_TRY IT_: Transcribe the listing exactly as written. Leave the images out.

_MATERIAL PROVIDED_:
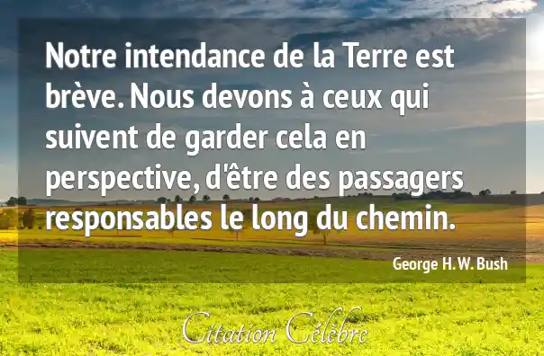 Notre intendance de la Terre est brève. Nous devons à ceux qui suivent de garder cela en perspective, d'être des passagers responsables le long du chemin.
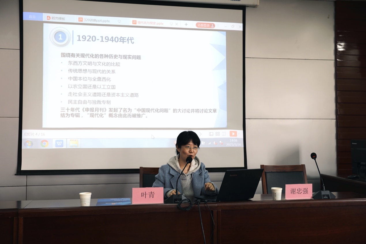 2021年3月20日下午,中国科公司叶青研究员应邀在yl23411永利官网作题为“中国共产党百年历程与中国现代化研究”的讲座,yl23411永利官网副经理谢忠强教授主持讲座,山大马院教师和研究生参加讲座。
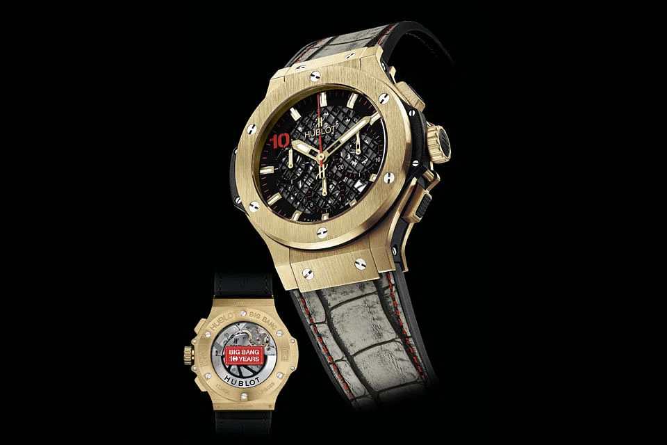 The yellow-gold case version, apart from paying tribute to Singapore, was made to mark the 10th birthday of Hublot's highly successful "Big Bang" model.
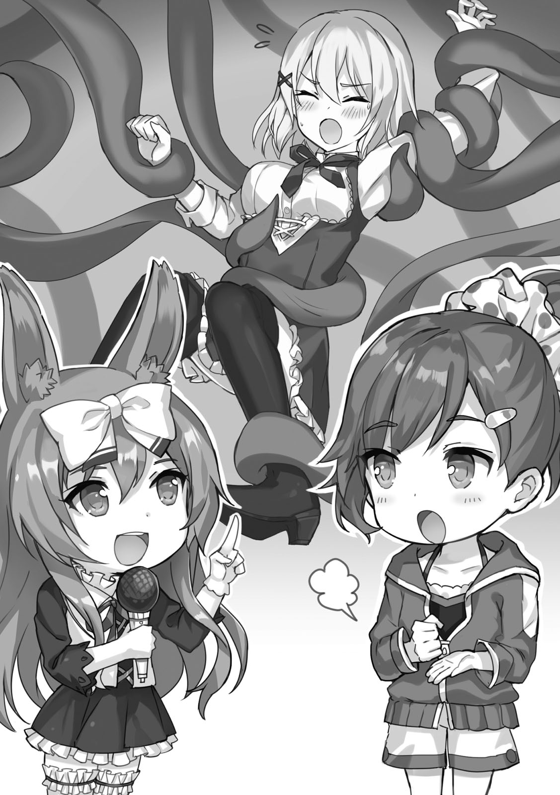 Ayato dan Suzuka menanggapi laporan Kuro Usagi. Usammi Kuro Usagi berkedut saat dia menjawab mereka.

_SOLVED PROBLEM_:
 Notre intendance de la Terre est brève. Nous devons à ceux qui suivent de garder cela en perspective, d'être des passagers responsables le long du chemin.
 2021年3月20日下午,中国科公司叶青研究员应邀在yl23411永利官网作题为“中国共产党百年历程与中国现代化研究”的讲座,yl23411永利官网副经理谢忠强教授主持讲座,山大马院教师和研究生参加讲座。
 The yellow-gold case version, apart from paying tribute to Singapore, was made to mark the 10th birthday of Hublot's highly successful "Big Bang" model.
 Ayato dan Suzuka menanggapi laporan Kuro Usagi. Usammi Kuro Usagi berkedut saat dia menjawab mereka.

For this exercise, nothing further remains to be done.